- Work required -
The data below contains pictures, which are to be skipped; the lines starting at the line with "为提高青年学生审美素养,以美" and ending at the line with "1P: 方向:W、S、A、D 选择:F1 开始:F3 单发:U、Y 连发:J、H" are to be output exactly, both ends included.

- Given records -
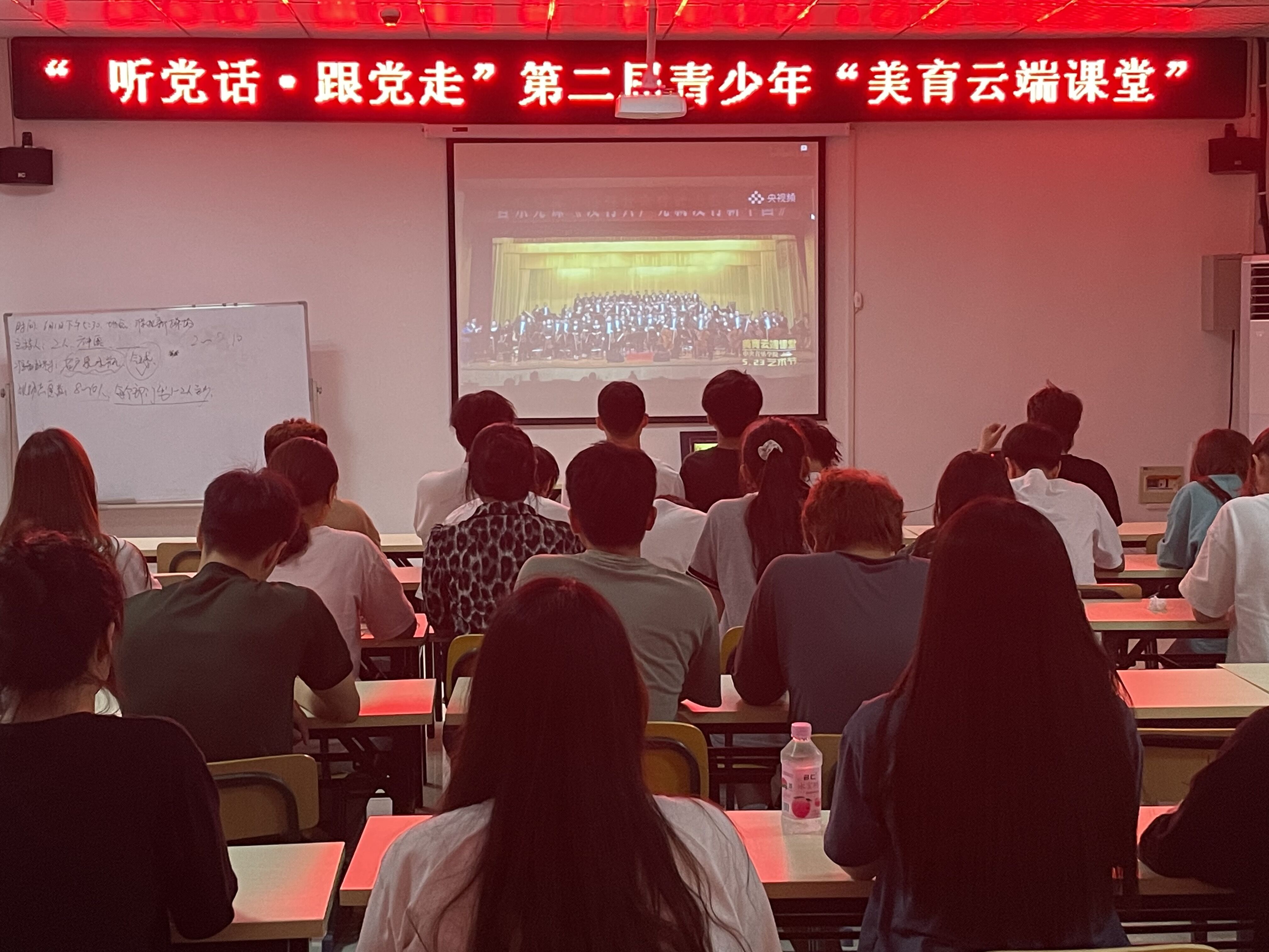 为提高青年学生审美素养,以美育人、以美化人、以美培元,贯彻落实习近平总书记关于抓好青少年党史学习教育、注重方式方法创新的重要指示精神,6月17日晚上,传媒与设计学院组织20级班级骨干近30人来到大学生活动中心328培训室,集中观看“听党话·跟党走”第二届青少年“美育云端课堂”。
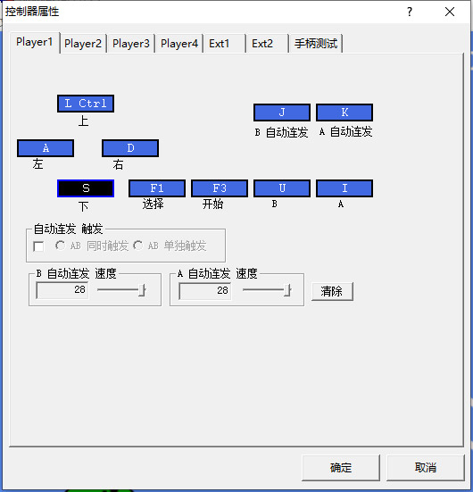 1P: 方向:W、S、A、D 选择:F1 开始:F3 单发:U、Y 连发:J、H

...

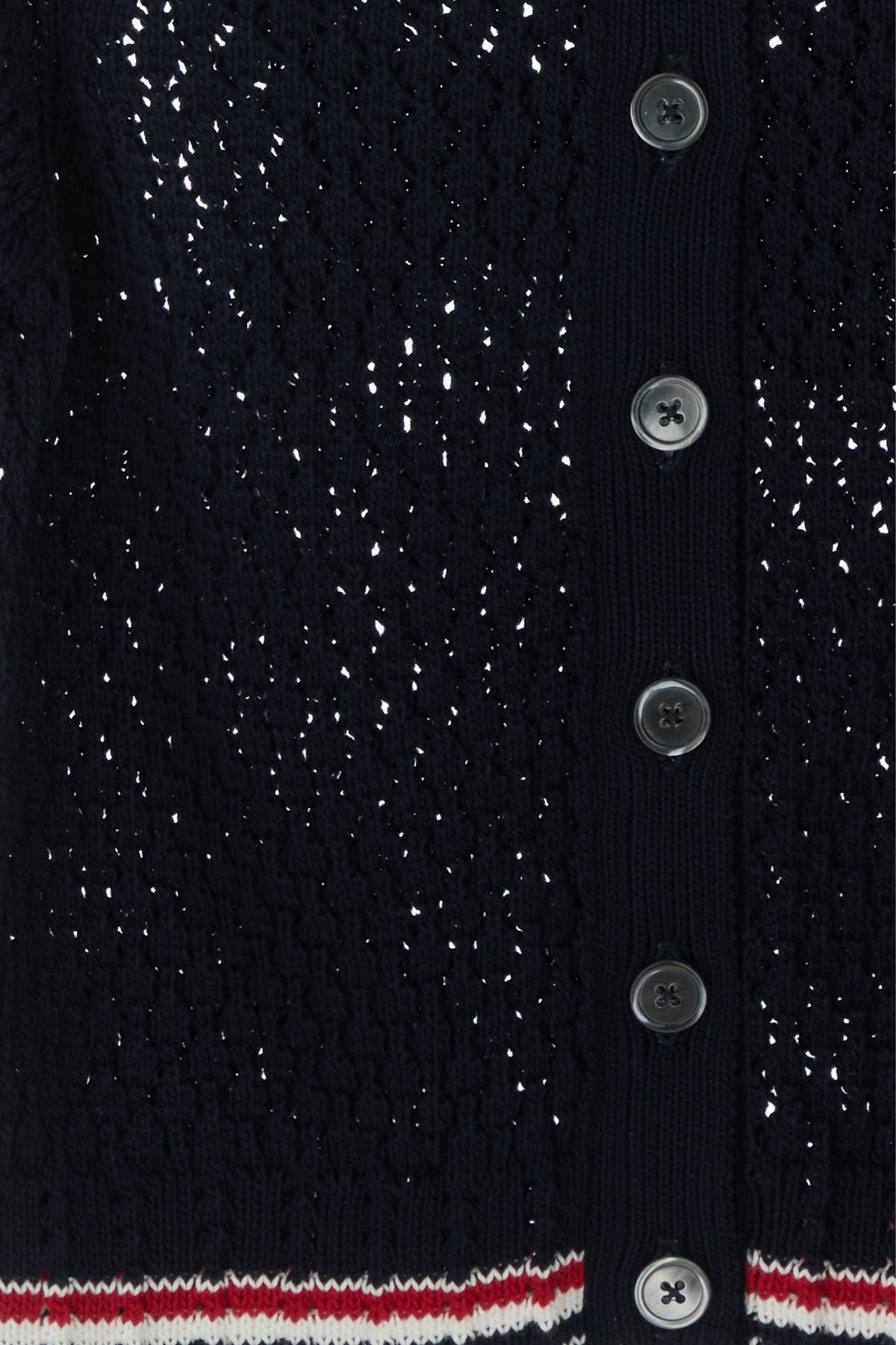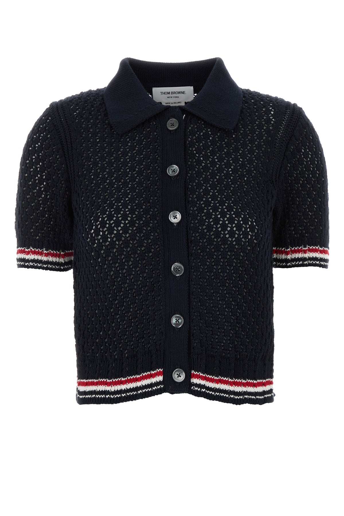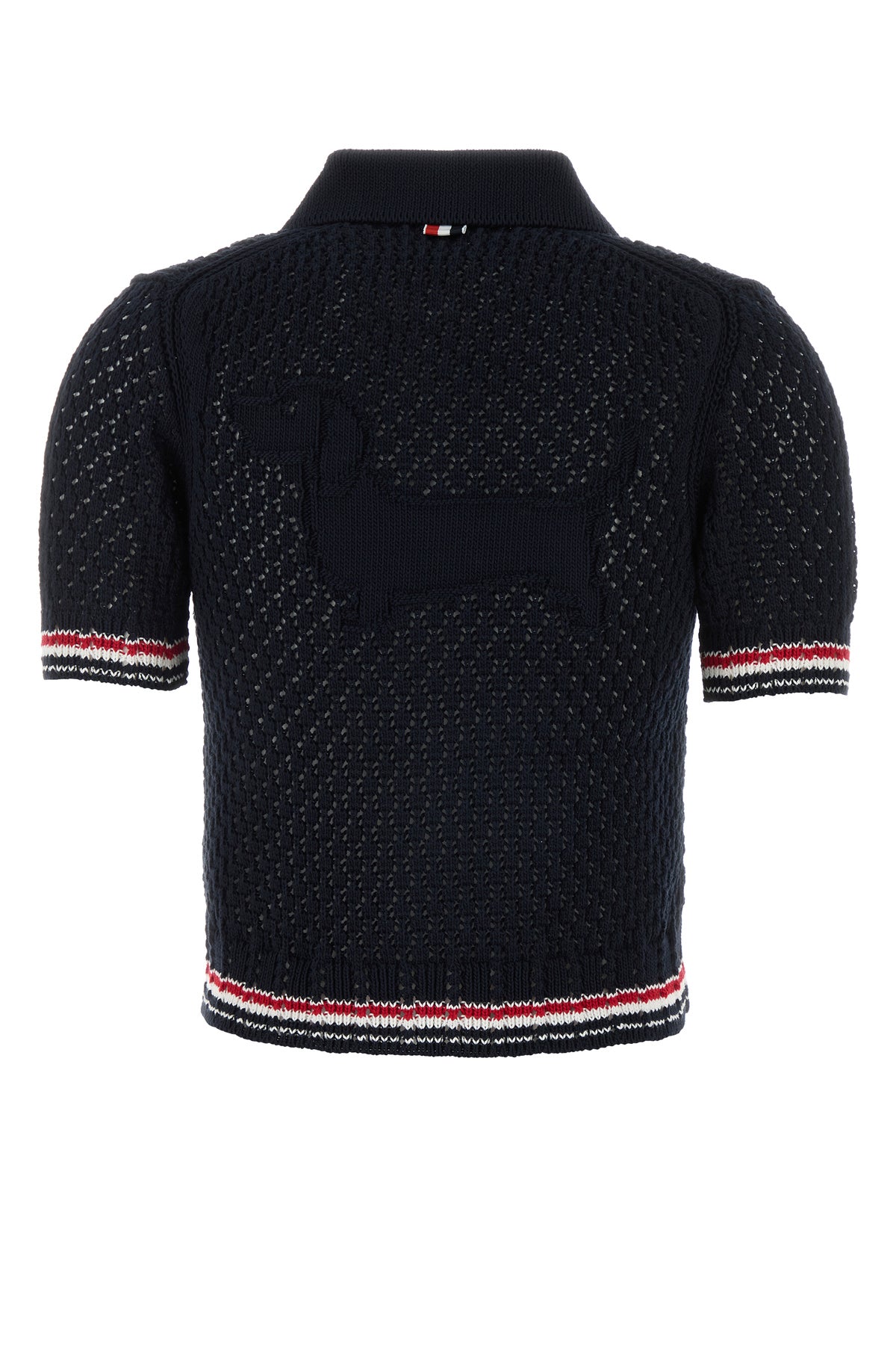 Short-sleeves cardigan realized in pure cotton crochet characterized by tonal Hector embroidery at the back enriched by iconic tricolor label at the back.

==

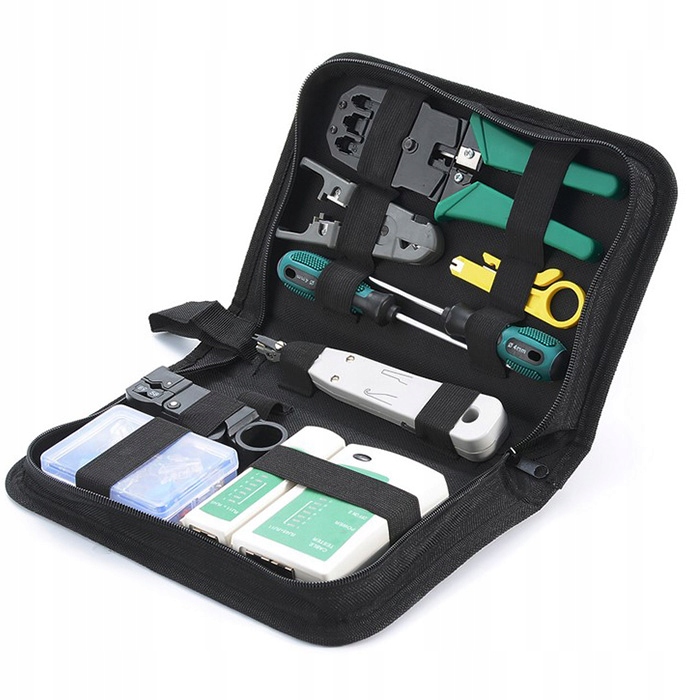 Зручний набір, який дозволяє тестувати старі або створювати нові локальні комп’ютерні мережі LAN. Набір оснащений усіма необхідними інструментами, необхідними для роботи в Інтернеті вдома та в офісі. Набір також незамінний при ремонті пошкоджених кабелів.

- Task response -
 为提高青年学生审美素养,以美育人、以美化人、以美培元,贯彻落实习近平总书记关于抓好青少年党史学习教育、注重方式方法创新的重要指示精神,6月17日晚上,传媒与设计学院组织20级班级骨干近30人来到大学生活动中心328培训室,集中观看“听党话·跟党走”第二届青少年“美育云端课堂”。
 1P: 方向:W、S、A、D 选择:F1 开始:F3 单发:U、Y 连发:J、H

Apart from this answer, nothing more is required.